Recently, my partner and I just bought our first house 🏠, a landed property in Johor Bahru!


I still vividly remembered when I first entered the sales gallery without knowing anything. The only question that I was interested was the unit price HAHA. And I didn’t even know whether the price was considered low or high if compared to the market 😂 I was so lost but still wanted to put up an act that I knew everything about property in front of the salesperson LOLOL.


To avoid you guys making the same mistakes, I decided to list down questions that I would enquire when dealing with agent or sales representative from developer. The list below is just for your reference since everyone has different preferences and priorities.


However, there is one SUPER important thing you should know before your house hunting journey.

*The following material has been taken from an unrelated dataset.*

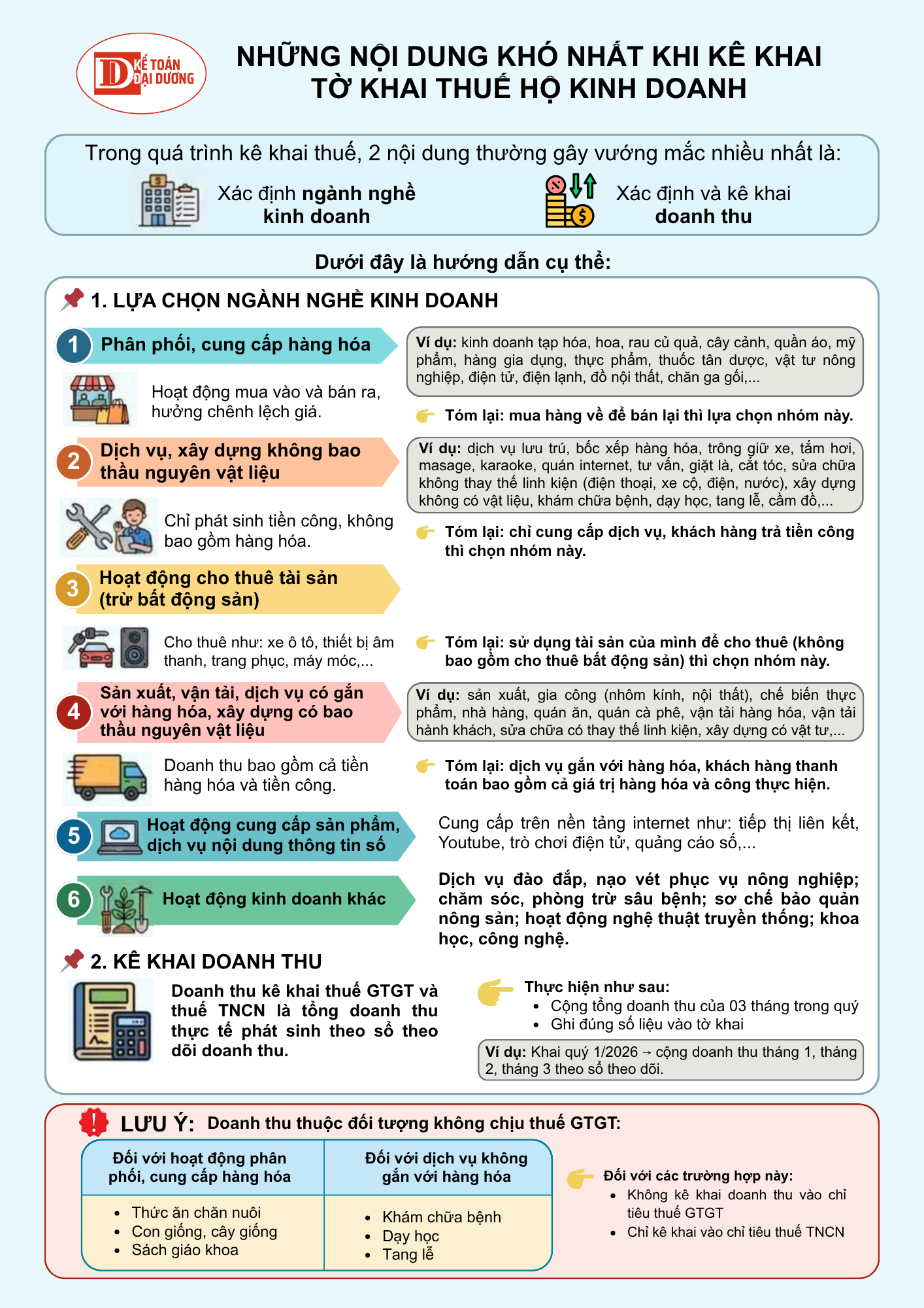 Việc kê khai thuế hộ kinh doanh sẽ dễ dàng hơn khi xác định đúng ngành nghề kinh doanh và doanh thu thực tế phát sinh. Đây là hai yếu tố quan trọng giúp đảm bảo kê khai chính xác, tuân thủ quy định và hạn chế rủi ro về thuế.

You should determine your budget to avoid overspending!


How to calculate your affordability?


Purchaser’s ability to pay is an important criterion to look at when budgeting your finance for property purchase. One of the rules I referred to is the 3-3-5 rule, by property blogger Property Soul.


Yes, you need to fulfill all the 3-3-5 criteria below!

· You should have 30% of your capital ready before your property purchase

· Your monthly repayment should not exceed 1/3 of your monthly income

· Property price should not exceed your annual income by 5x


For example, if your annual income is RM72,000, the maximum house price you can afford is RM360,000. Next, you have to save at least RM108,000 before buying the house and your maximum monthly repayment is RM2,000. For couples, you may add up both annual incomes and compute accordingly.


Personally, I think that the rule is restricted and conservative. However, it serves as a guideline to work out our budget so we can make more savvy financial decision.


Other than above, below is how I work out my housing budget by tracking how much I earn, spending in a month and savings for future use.


1. My income

- Always take into consideration on income fluctuation if your income is not fixed or commission-based


2. My expenses

- Other than daily expenses such as groceries, food and transport, also to consider large upcoming expenses such as renovation, wedding and travel expenses (I normally allocate these large expenses into my sinking fund)

- Include additional expenses for owning a house, i.e. monthly loan instalments, utility bills, quit rent and assessment etc.


3. My savings

- Savings for 6-month emergency funds (include daily expense and monthly instalments)

- Savings for retirements


After cautious planning, I was shocked that I might not have spare money for stock investment for 2 years due to savings allocated for sinking fund - renovation cost. Therefore, it is important to understand that if more money is spent on your home, the less money you will have for investments.


Property research


Property type and size


Are you looking for a terrace house, semi-detached or bungalow? Do you prefer to buy a brand-new unit before completion or a resale unit that is older but cheaper?


Other than deciding on property type, you should also consider the property size. Normally there are various sizes such as 20’ x 70’, 22’ x 70’ or 40’ x 80’ etc. Initially, I have no idea on how to visualize or differentiate these property sizes. With MCO, it gets even more difficult to visit a physical showhouse.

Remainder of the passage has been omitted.